Neither of the bot's made a move to fight anymore, but instead both just stood in the center of the gym, each looking toward the other with their own individual curiosity. After a moment, Bulkhead turned and began a light workout with the heaviest of the punching bags, hung from the ceiling on its heavy duty chain.
"Hey, thanks for the match," he said, as he gave the bag a few good hard, but slow punches.
Soundwave, still in the middle of the floor, had began to practice unarmed combat maneuvers, and had quickly fallen into a pattern of fast spinning kicks. He fell backward onto the floor mats, catching himself, with his arms extended behind him, and it was clear that the fall was not a mistake or a tumble at all. But instead a deliberate and well controlled drop to the floor, and one from which he rapidly got back to his feet after a quick rolling motion.
"A bot could learn some real skill from you," Bulk' commented. He was chattering on, with no real idea if he might ever receive any reply or not. Soundwave had chosen to speak to him once. And Bulkhead knew, from a recent conversation with a very flustered and baffled Knockout, that at any point now, the odd and nearly silent bot would either other something that almost passed for conversation at least for a brief moment, or he would socially shut down entirely, falling utterly silent again, and tuning anyone at all out, just as though they were not even there at all.
"Nearly undefeated at one point in the fighting pits eh?" Bulkhead commented after another moment, and while still laying a decent little pounding on the punching bag. He went for one particularly hard hit, and then started into a simple combination of blows with steadily alternating hands. "Common knowledge is that you actually beat Megatron once in the arena..."
"Common understanding – based on partial misconception," Soundwave said. He continued on with his moves, but he did slow his pace a fair bit, clearly at least somewhat interested in conversing for the moment. "Match – ended as a draw. No true and clear winner."
"Every big shot on Cybertron always liked to say you beat him. That you were the first and last to ever kick his..."
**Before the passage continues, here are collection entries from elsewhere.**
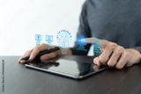 Student or businessperson learning or reading online class by tablet. Education knowledge and business studying course at home. Growth and success learn idea concept
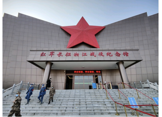 从讲解员的口中我们得知,1934年11月25日至12月2日,短暂而漫长的八个日夜里,湘江是一条流血的河,青山滴泪,悲壮如虹。宽阔的江面上,浓烈的硝烟中,红军穿着早已磨穿的草鞋,行走在浮桥上。头顶上,几十架飞机轰炸着、扫射着,行进的队伍中不断有人倒下,落入江中,一起漂浮在水面上的,还有那些死亡的骡马、散乱的文件、零落的钞票、圆圆的斗笠……一批一批将士倒下去了,一批一批将士又冲上来了。在全州旁边的湘江转弯处,江水缓缓流动,红军的遗体从上游漂下,密密麻麻,一眼望去,天是灰色的,湘江也是灰色的。从那时起,湘江成了一座血肉铸成的丰碑。从此,当地百姓“三年不饮湘江水,十年不食湘江鱼”,以此纪念为建立新中国壮烈捐躯的数万红军战士。
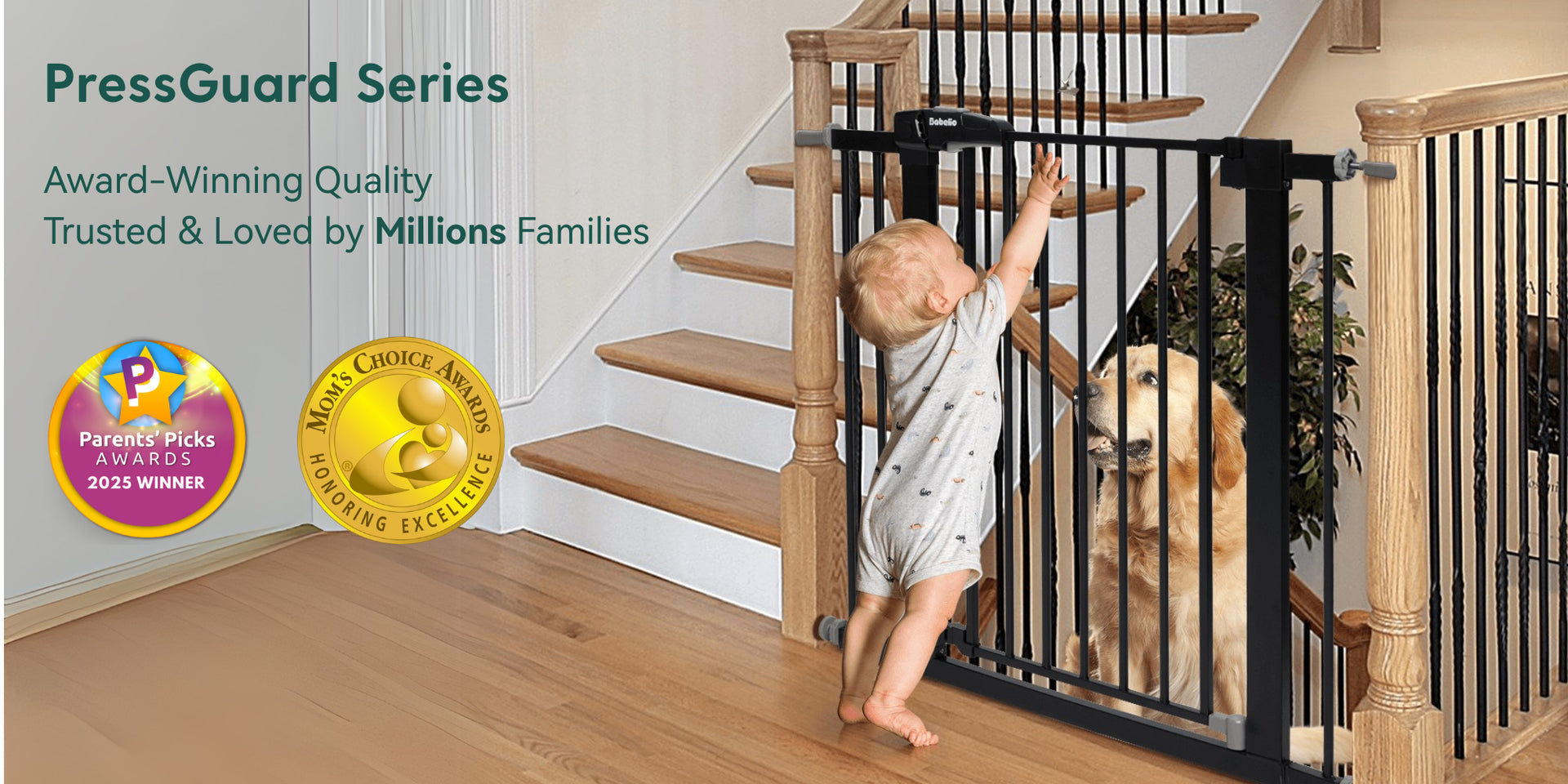 PressGuard P7 | Expandable Baby Gate for Stairs No Drill Pressure Mounted

"Incorrect. Win – undoubtedly possible regardless," Soundwave explained in his just as usually awkward speech. Instead of stopping there though, as it was so easy to assume he might, he continued on. "Megatron – up and coming leader to the masses. Visionary. Freedom fighter. A bot the world would listen to. His defeat in the pit – certain disaster for the slowly rising rebellion."
Bulkhead had never been a bot to follow or understand the ins and outs of politics, and public opinion, or the socially complicated game of leadership and influence. In his processor, Autobots were good, 'cons were bad, and the better side had won because in the end the 'good guys' always did. He could never have understood the complexities of that or another political situation his world had ever known. And quite frankly, the big green brute liked it that way. He nodded though at Soundwave slightly, in any case, trying hard to wrap his processor around his explanation.
"Previous judgment – lacking," Soundwave said after several long and silent moments, during which he had stopping his motions of hand to hand unarmed combat, and it seemed like he may simply turn to walk away from the gym.
"What, ya think maybe you should have gone ahead and beaten him after all, in hindsight?" Bulkhead asked simply, casually, when the other bot didn't go anywhere, as he might have expected. He gave the punching bag a couple more good hard blows, and felt himself finally growing satisfyingly tired from his training.
"Conclusion reached after fair consideration – Not only should I have beaten him. I should have killed him."
For a second after Soundwave had spoken again, Bulkhead stood on the padded floor mat, mouth open and wordlessly sputtering, wide optic'd with shocked disbelief at what he'd heard. He snapped out of it just well enough and barely fast enough, to stop the punching bag in its widely swinging arc, before it nailed him right in his face-plate, after he'd stopped paying attention after his last hard punch.